ASSIGNMENT:
The listing is to be reproduced exactly, excluding its pictures.

GIVEN INFORMATION:
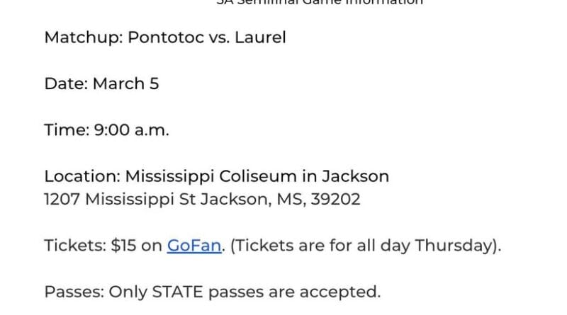 The Pontotoc Lady Warriors will play Laurel in the 5A girls basketball semifinal on March 5. The game is scheduled to start at 9 a.m. at the Mississippi Coliseum in Jackson.
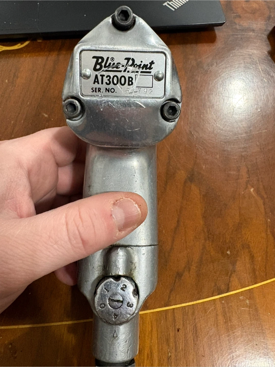 Blue-Point AT300B air ratchet wrench. Features a metal body with a trigger handle. Includes air hose fitting. It's a handy tool for tight spaces!
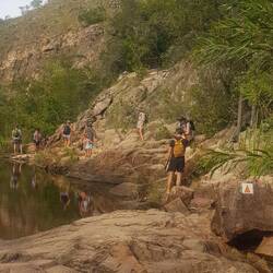After a moderate to difficult hike we found this beautiful place. Swam out to the falls. The water was warm, but the falls water was very cold.

SOLUTION FOR THIS TASK:
 The Pontotoc Lady Warriors will play Laurel in the 5A girls basketball semifinal on March 5. The game is scheduled to start at 9 a.m. at the Mississippi Coliseum in Jackson.
 Blue-Point AT300B air ratchet wrench. Features a metal body with a trigger handle. Includes air hose fitting. It's a handy tool for tight spaces!
After a moderate to difficult hike we found this beautiful place. Swam out to the falls. The water was warm, but the falls water was very cold.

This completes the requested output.